Man könnte die Frage stellen: Was hat die Ukraine, was die anderen Länder nicht haben. Klingt zynisch, aber angesichts des gesellschaftlichen „Stelldichein“ im Kriegsgebiet könnte man den Verdacht haben, Wolodymyr Selenskji wirft zwischen Ruinen und Trümmern eine Charity-Party.
Normalerweise finden sich ja bei solchen Wohltätigkeitsveranstaltungen das „Who is Who“ der überflüssigsten, nichtsdestoweniger aber sehr reichen Zeitgenossen ein, um sich gegenseitig mit Scheckbuch, Glitzer und Tamtam Konkurrenz zu machen. Ganz gleich, ob es um verhungernde Kinder in der Sahelzone, schnöde verlassene Ehefrauen im Tibet oder um Opfer eines Lawinenabgangs am Hindukusch geht, stets werden bei Champagner, Kaviarhäppchen und Blitzlichtgewitter der anwesenden Presse mit erklecklichen Sümmchen für gute Zwecke auf sich aufmerksam gemacht.
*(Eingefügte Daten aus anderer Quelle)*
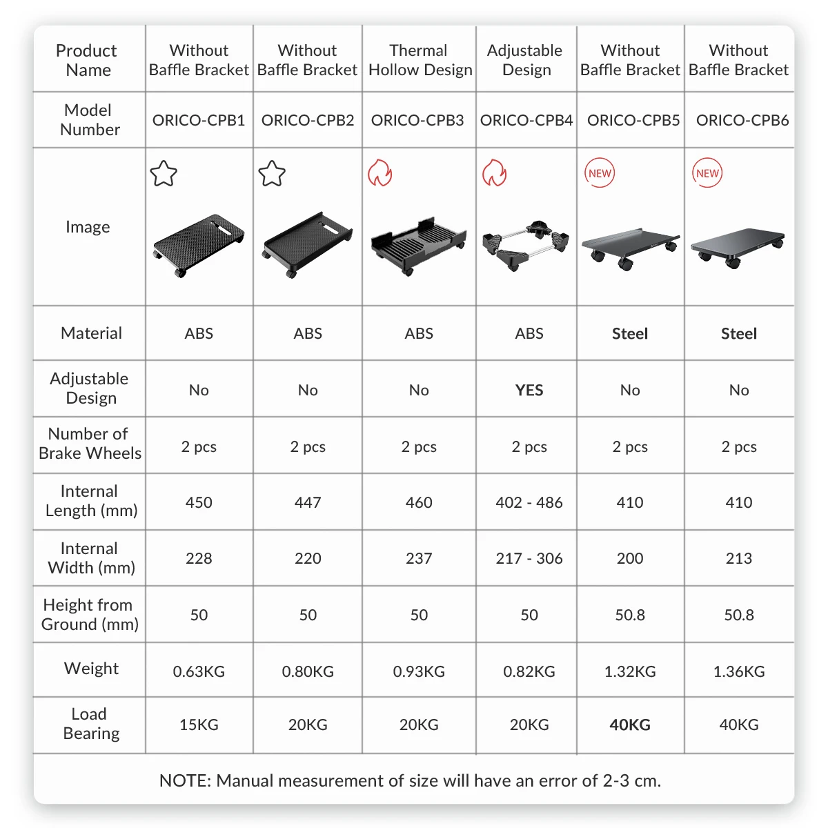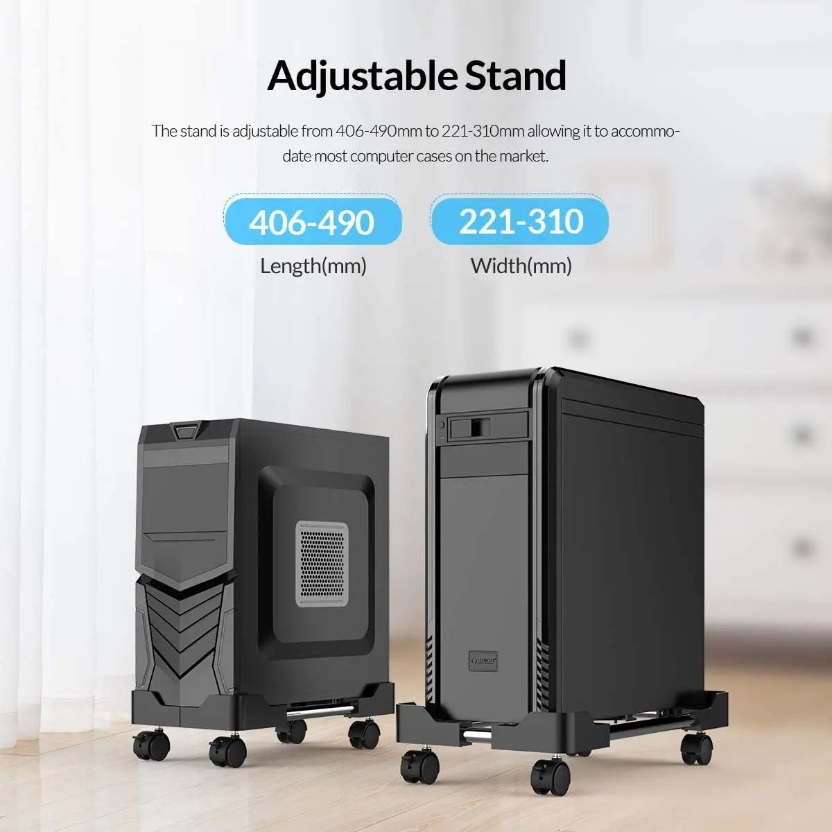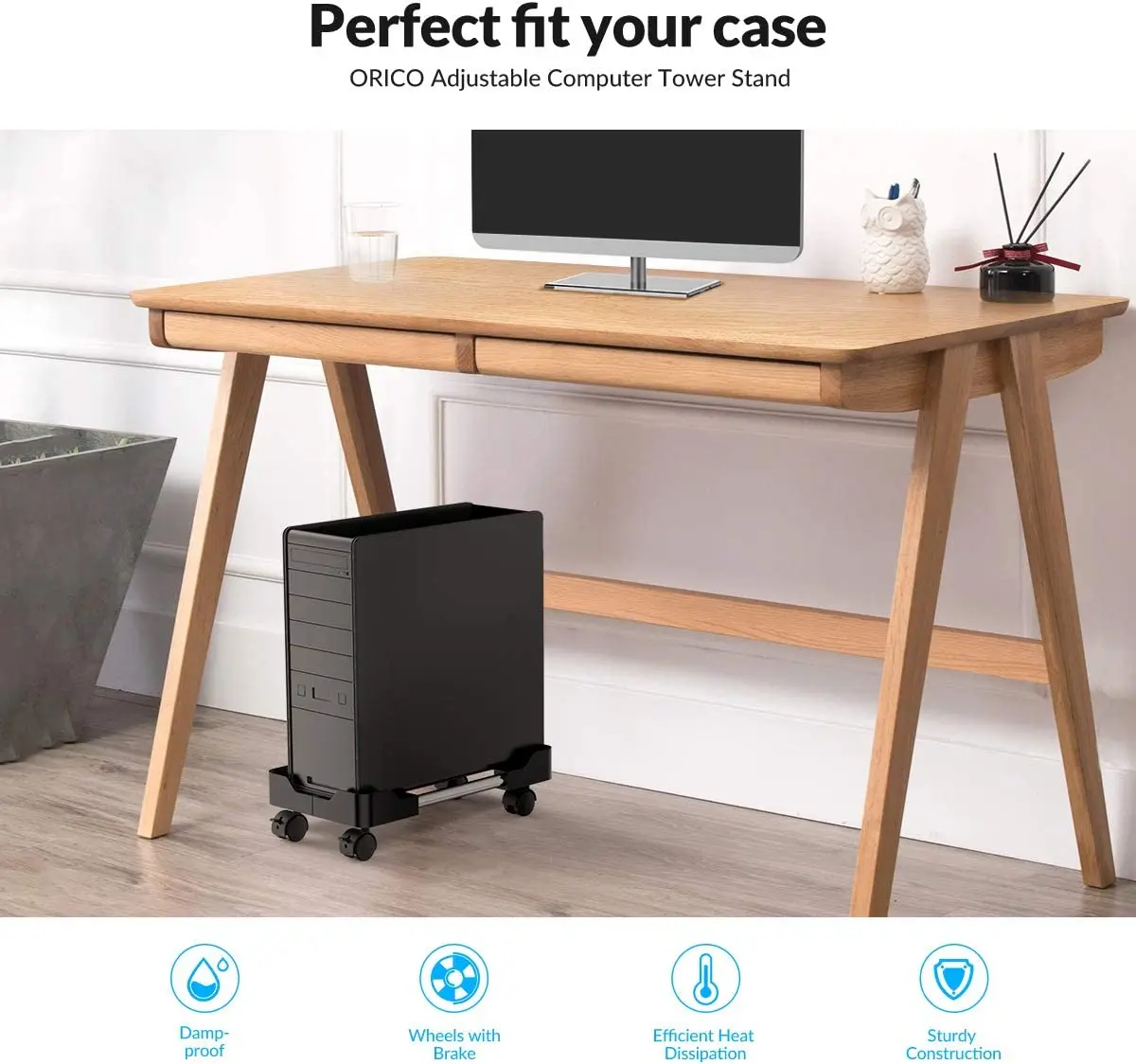 Comprar ORICO Soporte con Rueda para CPU, Soporte de Ancho Ajustable bajo Mesa Adecuado, Cuatro Esquinas con Barandilla de 5cm para Computadoras de Escritorio o Carcasas de Computadora

Jetzt scheint die Ukraine „the place to be" zu sein, an dem man sich unbedingt sehen lassen muss, um dazu zugehören. Für die Politik ist Kiew längst ein "must" und übt inzwischen eine ähnlich hohe Anziehungskraft aus wie der Pilgerweg nach Santiago de Compostela. Der EU-Ratspräsident Charles Michel, die EU-Kommissionspräsidentin von der Leyen, Außenministerin Annalena Baerbock, Bundeskanzler Olaf Scholz, Staatspräsident Emanuel Macron, sie sind nicht die Einzigen, die sich dem Thrill von Mörserbeschuss und Raketenangriffen zusammen mit sensationshungrigen Kameralinsen hingeben.
Sogar Friedrich Merz war schon da, nun will auch die Bundestagspräsidentin Bärbel Bas. Jeder, der seine politische Wichtigkeit unter Beweis stellen will, muss mindestens einmal zwischen ausgebrannten Panzern und zerschossenen Wohnhäusern gestanden haben. Optimieren kann man das Szenario nur noch, wenn man ein paar Worte mit eilig herbeigeschaften alten Opfermütterchen wechselt. Es ist ein menschelndes Kommen und Gehen, da wird einem ob der Prominenz ganz schwindelig.
Neuerdings haben auch Filmgrößen und Top-Künstler die Ukraine für sich entdeckt. Die Schauspielerin und Hollywood-Größe Angela Jolie machte den Anfang und sich am Bahnhof in Lwiw sehen lassen, um ukrainische Flüchtlinge zu besuchen. Nun ja, "Besuch bei Flüchtlingen" ist vielleicht die falsche Wortwahl. Sie wurde in einem Café in Lwiw gefilmt. Ich fürchte, Helene Fischer und Frau Furtwängler werden sich demnächst aus Charkiw oder Bucha melden, um ihrer Bestürzung in den neuen Rollen als Botschafterinnen des Friedens ein gesellschaftliches Gewicht zu verleihen. Kriegsvoyeurismus oder -Tourismus -, andere Termini fallen mir dazu nicht ein.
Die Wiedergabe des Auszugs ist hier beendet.